RECORDS SHOWN =
+--
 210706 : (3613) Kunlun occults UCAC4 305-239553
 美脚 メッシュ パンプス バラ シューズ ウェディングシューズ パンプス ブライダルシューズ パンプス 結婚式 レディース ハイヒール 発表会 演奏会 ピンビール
+--
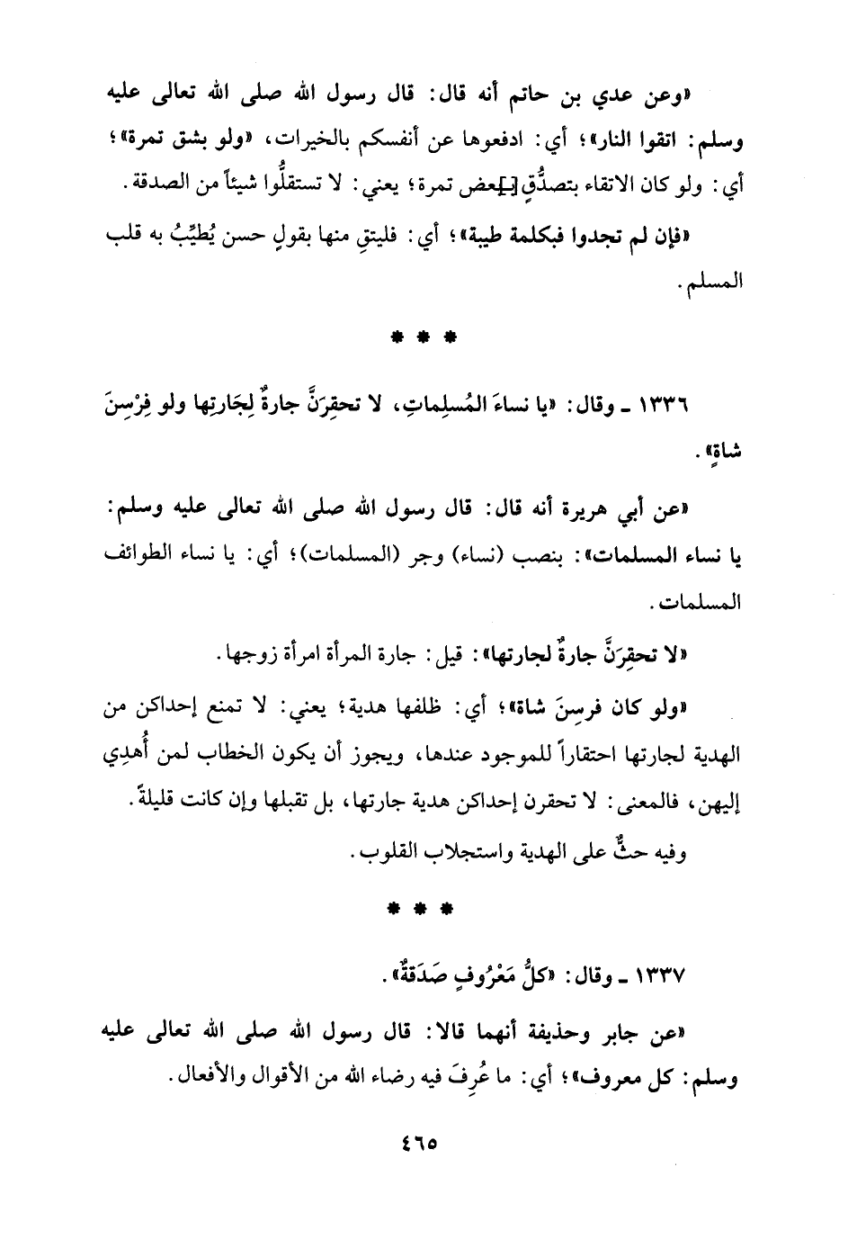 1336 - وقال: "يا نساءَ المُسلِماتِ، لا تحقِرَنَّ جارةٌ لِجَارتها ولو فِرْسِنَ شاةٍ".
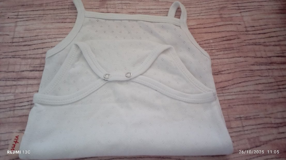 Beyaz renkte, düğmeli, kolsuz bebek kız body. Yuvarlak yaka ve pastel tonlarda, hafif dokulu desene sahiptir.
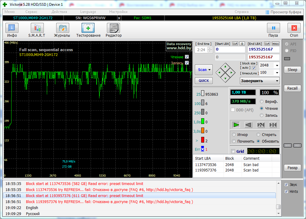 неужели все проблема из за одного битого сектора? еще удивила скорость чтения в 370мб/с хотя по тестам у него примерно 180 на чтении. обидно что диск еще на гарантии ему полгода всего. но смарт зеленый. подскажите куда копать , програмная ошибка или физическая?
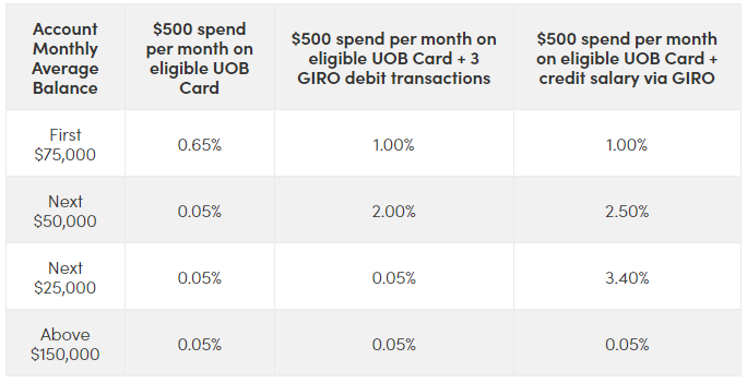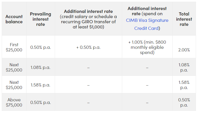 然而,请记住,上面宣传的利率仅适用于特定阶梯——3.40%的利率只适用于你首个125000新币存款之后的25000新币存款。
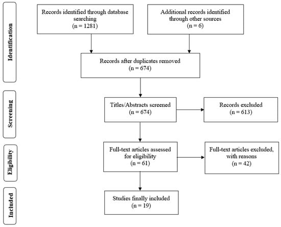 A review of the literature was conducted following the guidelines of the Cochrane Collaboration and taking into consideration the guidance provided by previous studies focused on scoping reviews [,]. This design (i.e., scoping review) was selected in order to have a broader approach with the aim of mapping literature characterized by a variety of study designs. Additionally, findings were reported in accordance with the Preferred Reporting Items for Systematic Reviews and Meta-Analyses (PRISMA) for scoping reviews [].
+--
WHAT IS REQUIRED = Exact copy, no pictures. Write out the lines in the entries above, starting with the line with "然而,请记住,上面宣传的利率" and going on through the line with "A review of", keeping both.

TASK OUTPUT =
 然而,请记住,上面宣传的利率仅适用于特定阶梯——3.40%的利率只适用于你首个125000新币存款之后的25000新币存款。
 A review of the literature was conducted following the guidelines of the Cochrane Collaboration and taking into consideration the guidance provided by previous studies focused on scoping reviews [,]. This design (i.e., scoping review) was selected in order to have a broader approach with the aim of mapping literature characterized by a variety of study designs. Additionally, findings were reported in accordance with the Preferred Reporting Items for Systematic Reviews and Meta-Analyses (PRISMA) for scoping reviews [].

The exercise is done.